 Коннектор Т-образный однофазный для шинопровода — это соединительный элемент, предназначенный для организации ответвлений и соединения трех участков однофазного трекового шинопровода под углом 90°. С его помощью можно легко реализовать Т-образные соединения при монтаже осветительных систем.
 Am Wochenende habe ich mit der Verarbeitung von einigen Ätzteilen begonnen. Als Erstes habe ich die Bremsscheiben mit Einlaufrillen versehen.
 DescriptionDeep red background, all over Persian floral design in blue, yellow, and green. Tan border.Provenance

--

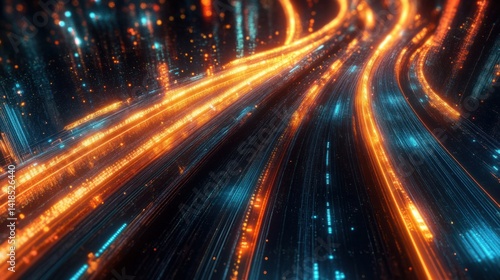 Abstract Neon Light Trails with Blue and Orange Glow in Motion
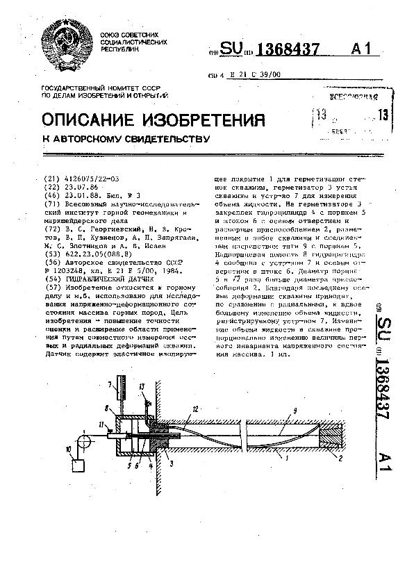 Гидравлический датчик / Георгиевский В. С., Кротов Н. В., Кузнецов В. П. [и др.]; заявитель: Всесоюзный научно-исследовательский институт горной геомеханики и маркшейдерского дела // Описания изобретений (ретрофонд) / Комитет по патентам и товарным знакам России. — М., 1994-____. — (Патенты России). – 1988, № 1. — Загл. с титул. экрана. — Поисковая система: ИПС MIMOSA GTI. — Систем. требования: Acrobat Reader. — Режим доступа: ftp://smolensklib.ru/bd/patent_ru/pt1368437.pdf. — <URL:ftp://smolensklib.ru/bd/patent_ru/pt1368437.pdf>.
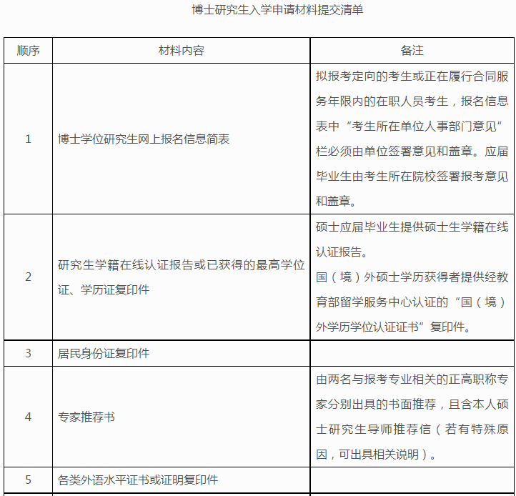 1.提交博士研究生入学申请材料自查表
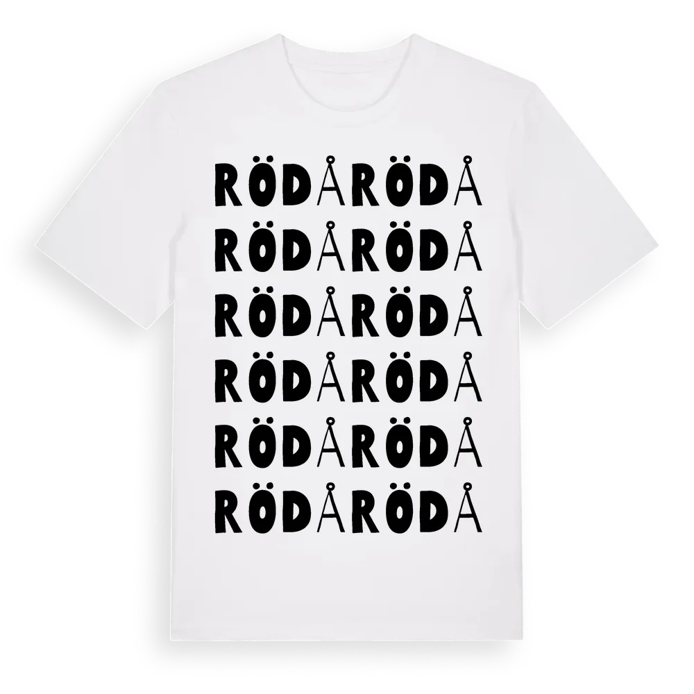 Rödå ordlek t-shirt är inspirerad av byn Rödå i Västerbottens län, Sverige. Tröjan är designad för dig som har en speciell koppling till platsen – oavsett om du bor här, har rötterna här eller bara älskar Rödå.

■ **PROBLEM**:
All lines above from the one holding "Am Wochenende habe" to the one holding "DescriptionDeep red background, all", inclusive, are to be copied exactly; no other line is wanted.

■ **EXPECTED OUTPUT**:
 Am Wochenende habe ich mit der Verarbeitung von einigen Ätzteilen begonnen. Als Erstes habe ich die Bremsscheiben mit Einlaufrillen versehen.
 DescriptionDeep red background, all over Persian floral design in blue, yellow, and green. Tan border.Provenance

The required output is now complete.